A suspensão da plataforma X no Brasil, em agosto de 2024, é outro exemplo do alcance do STF. Moraes ordenou o bloqueio após a recusa de Elon Musk em cumprir ordens judiciais para remover contas e pagar multas de R$ 28,6 milhões, justificando a medida como ‘defesa da democracia e da segurança pública’. A plataforma só voltou a operar em 9 de outubro, após cumprir as exigências, incluindo a nomeação de um representante legal no Brasil.
A ameaça de Moraes a Rebelo, relatada em diversos veículos de comunicação, gerou reações diversas, que classificaram o episódio como “coerção seletiva” e “intimidação judicial”, refletindo o sentimento de que o STF usa a lei para silenciar vozes dissidentes. A Revista Oeste destacou que a acusação de censura, antes associada à direita, ganha peso com Rebelo, uma figura histórica da esquerda, sinalizando que o problema transcende ideologias.

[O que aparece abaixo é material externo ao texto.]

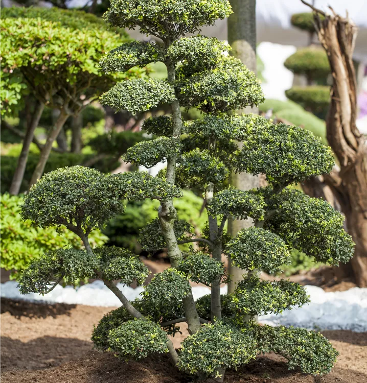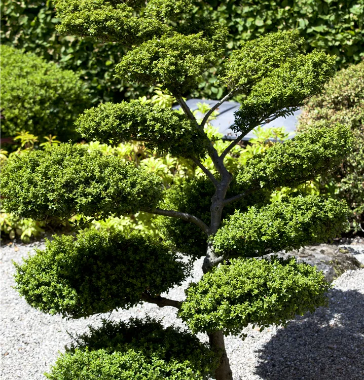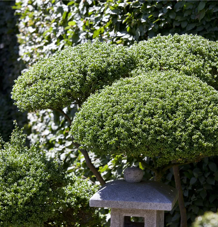 Die Japan-Stechpalme (Ilex crenata) ist ein aufrechter Strauch mit dekorativen, schwarzen Früchten, die sehr lange haften. Diesen voraus bringt sie von Mai bis Juni cremeweiße Blüten hervor. Zudem trägt die Japan-Stechpalme, rundliche, mittelgrüne Blätter. An einem sonnigen bis halbschattigen Standort mit durchlässigem, lockerem, schwachsaurem Boden erreicht sie gewöhnlich eine Höhe von ca. 3,5 m und wird ca. 2 m breit.
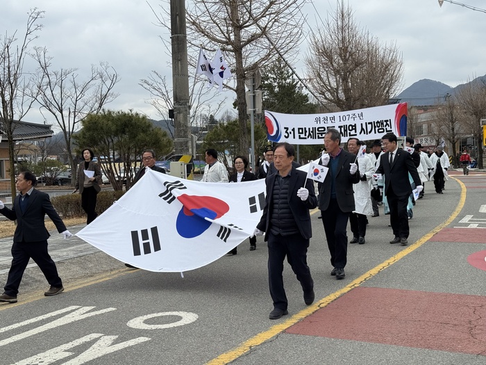 기념식 후 참석자들은 1919년 4월 8일 위천 장터에서 일어났던 만세운동을 기리기 위해 태극기를 손에 들고 ‘대한민국 만세’를 힘차게 외치며 어울림마당에서 3‧1만세운동 발상지인 사마로터리까지 행진했다. 거리마다 울려 퍼진 만세삼창은 그날의 뜨거운 항일 의지를 오늘에 되살리는 상징적 장면이 됐다.

Críticos apontam que o STF, sob a liderança de Moraes, ignora o artigo 5º da Constituição, que garante a liberdade de expressão e proíbe censura prévia, e o artigo 220, que veta restrições à manifestação do pensamento. Enquanto a Constituição brasileira protege a livre expressão, o STF impõe limites com base em interpretações amplas de “discurso de ódio” ou “ataques à democracia”, conceitos subjetivos que abrem espaço para abusos. Em 2019, a Transparência Internacional Brasil classificou o inquérito das fake news como “inconstitucional” por sua falta de transparência e por fundir os papéis de juiz e investigador.
A sociedade brasileira, cada vez mais alarmada, quer que o STF respeite os limites democráticos. A ameaça de prisão a Rebelo, um ex-ministro com vasta experiência, reforça a percepção de que o Supremo intimida quem ousa questioná-lo. Enquanto o governo Lula defende as ações da Corte como “defesa da democracia”, o que vemos é um Judiciário que silencia vozes, censura ideias e ameaça a liberdade de expressão. A luta de Rebelo no plenário do STF é um alerta: sem liberdade de opinião, a democracia brasileira corre o risco de se tornar uma fachada para o autoritarismo judicial.